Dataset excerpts
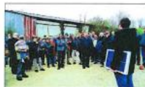
En avril dernier, EnergETHIC inaugurait la première centrale photovoltaïque citoyenne du Pas-de-Calais.

mission bois-énergie qui vise notamment à accompagner les collectivités ou particuliers dans des projets de chaudière à plaquettes de bois mais aussi à sensibiliser le grand public à cette thématique (via des conférences ou des visites d'établissements disposant de ces chaudières). ■
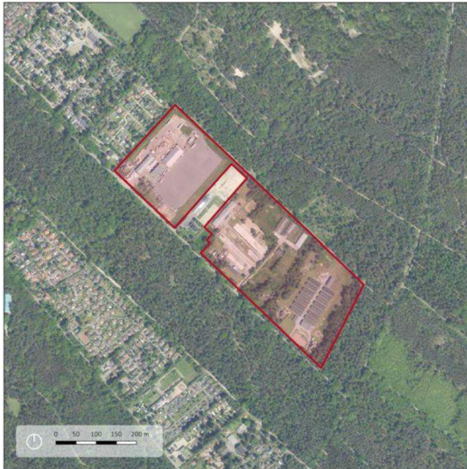
Figuur 2. Luchtfoto projectgebied.
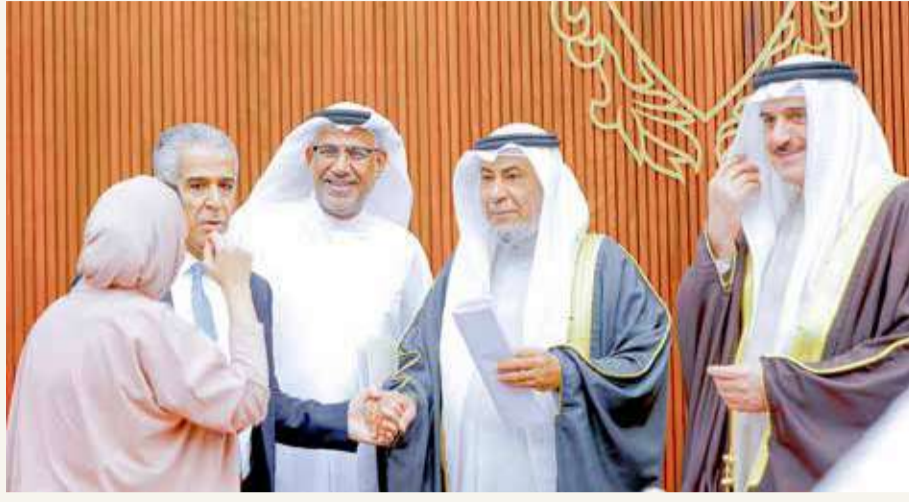
منصة الرئاسة بعد رفع الجلسة

البلاد عقد مجلس النواب صباح أمس جلسته الثالثة إلا أن اللافت هو أن الجلسة عقدت في مدة لا تتجاوز 10 دقائق عبر تمرير 7 بنود واستدراك واحد.

_PROBLEM_: Output every record verbatim, excluding any picture it contains.

_EXPECTED ANSWER_:
En avril dernier, EnergETHIC inaugurait la première centrale photovoltaïque citoyenne du Pas-de-Calais.

mission bois-énergie qui vise notamment à accompagner les collectivités ou particuliers dans des projets de chaudière à plaquettes de bois mais aussi à sensibiliser le grand public à cette thématique (via des conférences ou des visites d'établissements disposant de ces chaudières). ■
Figuur 2. Luchtfoto projectgebied.
منصة الرئاسة بعد رفع الجلسة

البلاد عقد مجلس النواب صباح أمس جلسته الثالثة إلا أن اللافت هو أن الجلسة عقدت في مدة لا تتجاوز 10 دقائق عبر تمرير 7 بنود واستدراك واحد.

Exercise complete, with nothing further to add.